「週3出社」でも多過ぎる? エンジニアが突き付ける“許容限界”のリアル:強制出社が招く離職危機
「オフィス回帰」の号令はエンジニアの退職を招く恐れがある。調査で判明した「週3回」という分岐点。開発現場の離職を防ぎ、生産性を最大化するための“納得感のある”出社ルールとは。
セキュリティやチームの協調性を高めることを目的に、一部の企業は「オフィス回帰」を進めている。しかし不用意な「出社強制」は、労働市場で引く手あまたなITエンジニアの離職を引き起こす「経営リスク」になり得る。
ソフトウェアテストサービスを手掛けるSHIFTが2025年10〜11月に実施したエンジニア3192人に対する意識調査からは、エンジニアをつなぎ止めるための“条件”が見えてくる。エンジニアはどのような条件なら離職せず、自らオフィスに向かってくれるのか。
満足度8割が5割に急落 データが示す「週3出社の壁」
調査によると、出社頻度とエンジニアの満足度の間には明確な相関関係があることが分かった。

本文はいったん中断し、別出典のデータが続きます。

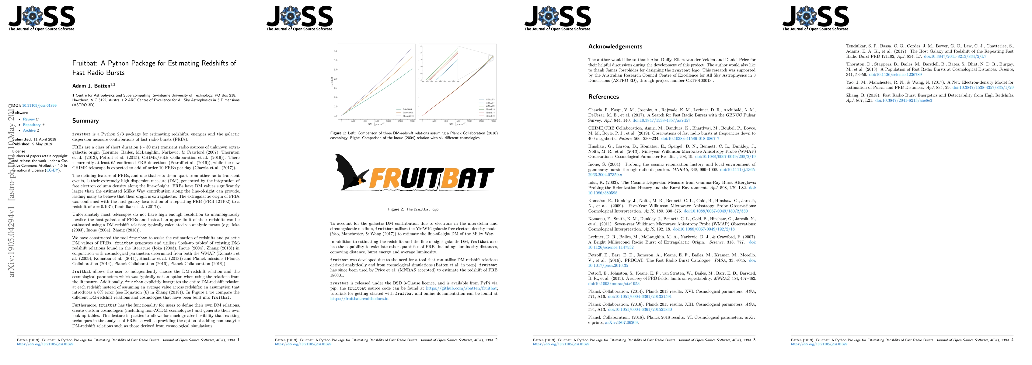 Fruitbat is an open source Python 2/3 package for estimating redshifts, energies and the galactic dispersion measure contributions of fast radio bursts (FRBs). Fruitbat combines various dispersion measure (DM) and redshift relations with the YMW16 galactic dispersion measure model into a single easy to use API.

首都圏のエンジニアにおいて、現在の出社頻度が「週1、2回」または「月1回以下」の層では、約8割が今の働き方に「満足している」と回答した。ところが出社頻度が「週3、4回」以上に増えると、満足度は約5割にまで急落する。企業が「週3回以上の出社」を一律にルール化した瞬間、エンジニアの半数が不満を抱く状態に陥る可能性があるということだ。
実際の勤務実態としては、首都圏と地方の間に大きな差がある。首都圏の回答者は「週2回以下の出社」が過半数を占めており、現状の働き方を手放したくない心理がうかがえる。これに対して、それ以外の地域では「週3回以上」の出社が過半数を占める。
「作業」は自宅、「協業」はオフィスという使い分け
エンジニアは「オフィスに行くこと」自体を否定しているわけではない。調査データを読み解くと、彼らがオフィスに求めているのは「強制された座席」ではなく、「特定の機能」であることが見えてきた。半数以上の回答者が「オフィス出社した方が仕事がしやすい」と感じる場面として、以下の3つを挙げている。
- 上司、部下やプロジェクトメンバーが出社しているとき(53.3%)
- 新しいプロジェクトのキックオフや複数人での目標設定をするとき(52.3%)
- 後輩のトレーニングをするとき/新しい業務を教えてもらうとき(51.0%)
一方で、「自宅で集中できないとき」(33.1%)という理由は3割にとどまる。ここから導き出される最適解は、コーディングやドキュメント作成といった「ソロワーク」はテレワークで実施してもらい、キックオフや教育といった「コラボレーション」の場面では出社を促す運用だ。オフィスの役割は、「個人がPCに向かって作業をする場所」から、「チームの熱量を共有し、複雑な情報を共有するための『連携ハブ』」へと変化している。
「自律的な選択」がモチベーションの源泉
エンジニアが出社に対して前向きになる最大の条件は「自律性」にある。調査では68.2%の回答者が「出社日や時間を自由に選べること」を条件に挙げており、これは「快適なオフィス」(44.8%)や「通勤手当、出社手当などの報酬」(42.4%)を大きく上回る数字だ。
企業が設計すべきなのは、「週○回出社」といった一律のルールではない。セキュリティとインフラを整備した上で、業務フェーズや個人の状況に応じてエンジニア自身が働く場所を最適化できる仕組みだ。
採用戦略としての「セキュリティ投資」
企業がオフィス回帰を進める理由として「セキュリティ確保」がある。一方で本調査が示唆するのは、セキュリティを理由に出社を強制すれば、自由な働き方を求める優秀な人材を取りこぼす可能性だ。
このジレンマを解消するには、セキュリティ投資を「守りのコスト」ではなく、「人材獲得のためのインフラ投資」だと捉え直す必要がある。オフィスと同等のセキュリティ水準を在宅勤務でも確保することで、居住地にとらわれない人材活用を実現できる。これは単なる技術的な解決策にとどまらず、場所を問わずに優秀な人材を獲得するための経営戦略だと言える。
今後の人材戦略において、企業は「出社かリモートか」という二元論から脱却すべきだ。強固なセキュリティを前提に、高度な技術で「場所の壁」を取り払い、場所によらず成果を出せる「戦略的なハイブリッドワーク」を実現することが、競争力を高める近道になる。